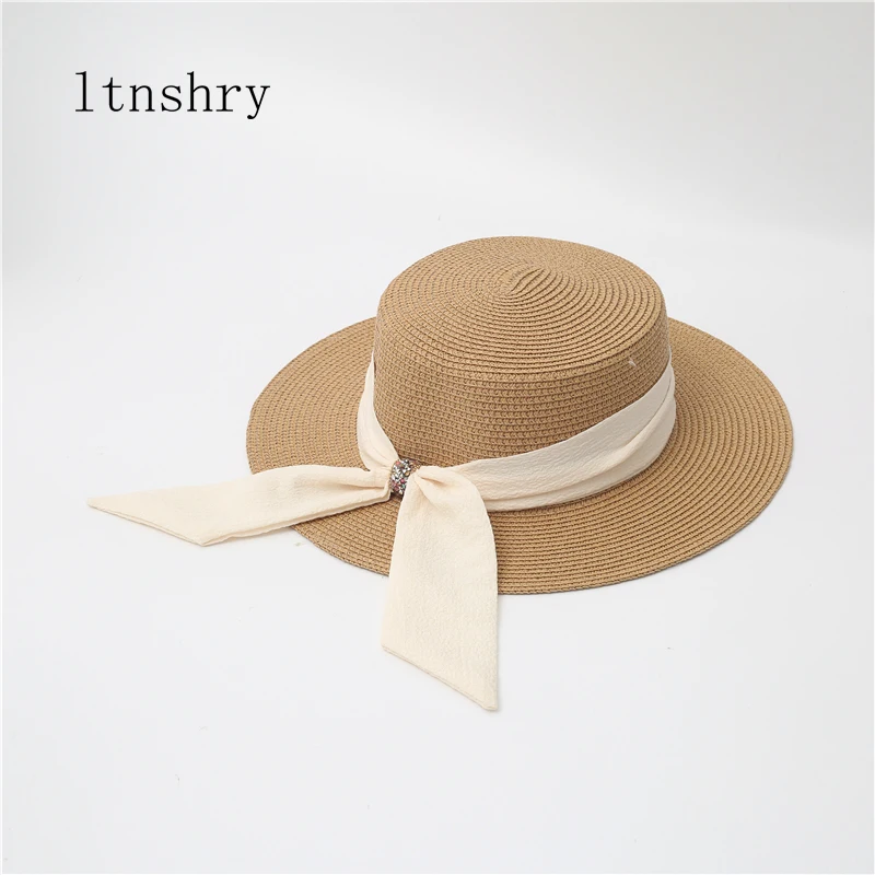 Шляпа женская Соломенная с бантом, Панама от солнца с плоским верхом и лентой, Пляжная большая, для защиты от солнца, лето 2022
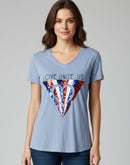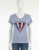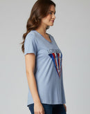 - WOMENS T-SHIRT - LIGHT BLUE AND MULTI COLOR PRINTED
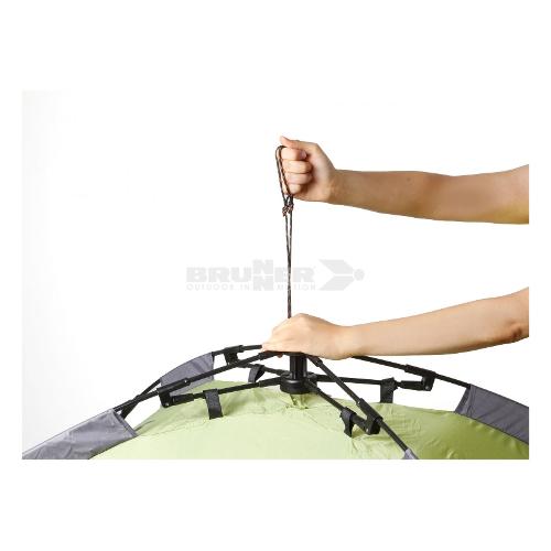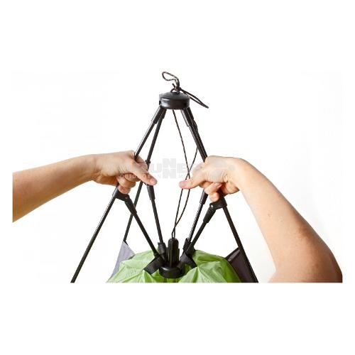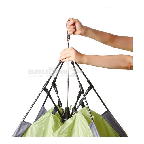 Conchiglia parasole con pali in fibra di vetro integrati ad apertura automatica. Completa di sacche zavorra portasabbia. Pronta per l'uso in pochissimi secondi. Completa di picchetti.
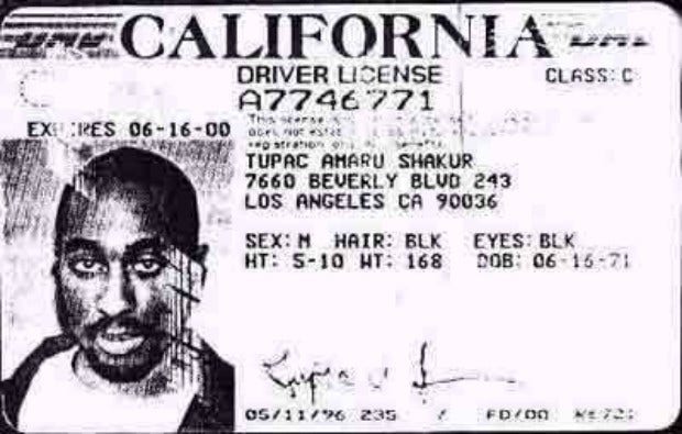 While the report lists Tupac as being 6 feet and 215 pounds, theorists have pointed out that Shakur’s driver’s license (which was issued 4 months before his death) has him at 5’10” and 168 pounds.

:: Task description ::
Nothing but the lines from the one containing "Conchiglia parasole con" through the last line of the data should appear in the answer, copied exactly, with pictures excluded.

:: Response to the exercise ::
 Conchiglia parasole con pali in fibra di vetro integrati ad apertura automatica. Completa di sacche zavorra portasabbia. Pronta per l'uso in pochissimi secondi. Completa di picchetti.
 While the report lists Tupac as being 6 feet and 215 pounds, theorists have pointed out that Shakur’s driver’s license (which was issued 4 months before his death) has him at 5’10” and 168 pounds.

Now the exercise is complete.